Commenting on today's BBC Breakfast programme claim that there are an estimated 15,000 incompetent teachers in schools, Chris Keates, General Secretary of the NASUWT, the largest teachers' union, said:
"Claims that there are thousands of incompetent teachers working in schools are unfounded and irresponsible.
"They create a witch hunt of teachers and condemn and undermine the whole profession.
"Teachers are observed, monitored, assessed and inspected to within an inch of their lives.
"All the statistics, including evidence from inspection, show that the vast majority of teachers are doing a good job. Day in, day out they are delivering improvements in educational outcomes for children and young people.
"All maintained schools are required by law to have a policy and procedure in place to deal with incompetence which can end in dismissal.
"If there are incompetent teachers in schools then there must be incompetent managers failing to use the procedures.
"Claims made by some headteachers that the procedures take too long or are too difficult are nonsense and are not either credible or acceptable reasons for failing in their management responsibilities.
"If incompetent teachers are passed from school to school, as some appear to be claiming, then the blame must rest with the employer not the teacher.
"As in any profession, from time to time, agreements are reached between employers and employees for a mutual termination of contract.
"These compromise agreements cover a range of circumstances including ill-health, a change in family circumstances or a breakdown in working relationships. They are not about 'buying off' incompetent employees.
"When a teacher experiences problems in their employment their union is obliged by law to ensure that they are aware of the options available to them. This may include advising them that a compromise agreement may be possible.

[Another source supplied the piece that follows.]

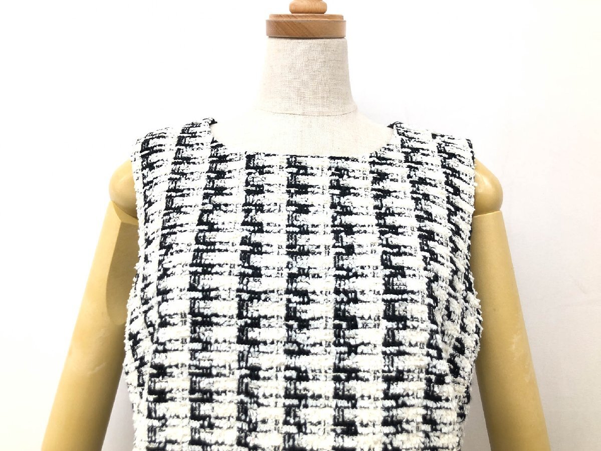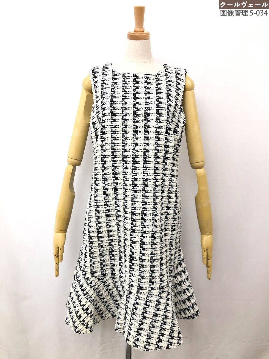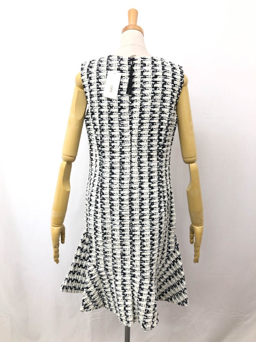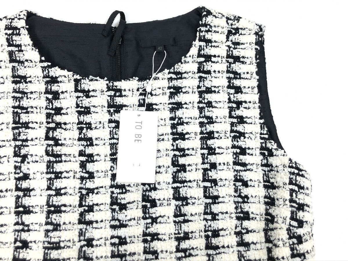 HH未使用【TO BE CHIC トゥービーシック】W5J53-210-05 ノースリーブ ツイード生地 フレアワンピース(レディース)42 アイボリー系 17LO3767

"Compromise agreements cannot be reached without the consent of the employer.
"Teachers cannot be labelled to be incompetent unless they have been through a competence procedure and been dismissed by the employer and removed from the national register by the General Teaching Council.

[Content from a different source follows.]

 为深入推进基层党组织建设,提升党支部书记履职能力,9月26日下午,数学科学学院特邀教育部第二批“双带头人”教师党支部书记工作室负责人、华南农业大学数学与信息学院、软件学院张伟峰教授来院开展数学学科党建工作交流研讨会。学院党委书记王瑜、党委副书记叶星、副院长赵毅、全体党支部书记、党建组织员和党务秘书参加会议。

"Simply threatening a teacher with a competence procedure or starting the process is not evidence of incompetence.
"The NASUWT has had numerous cases where incompetence procedures are misused by bullying management who use them as a threat to seek to force out a teacher who's 'face no longer fits', or who has disagreed with a management decision or who has had sickness absence.
"Ill founded, ill-informed and inaccurate claims about the competence of the teaching profession are irresponsible and unnecessarily undermine public confidence.
"We should be celebrating the hard work, dedication, commitment and demonstrable achievements of teachers, not lining up to put the boot in."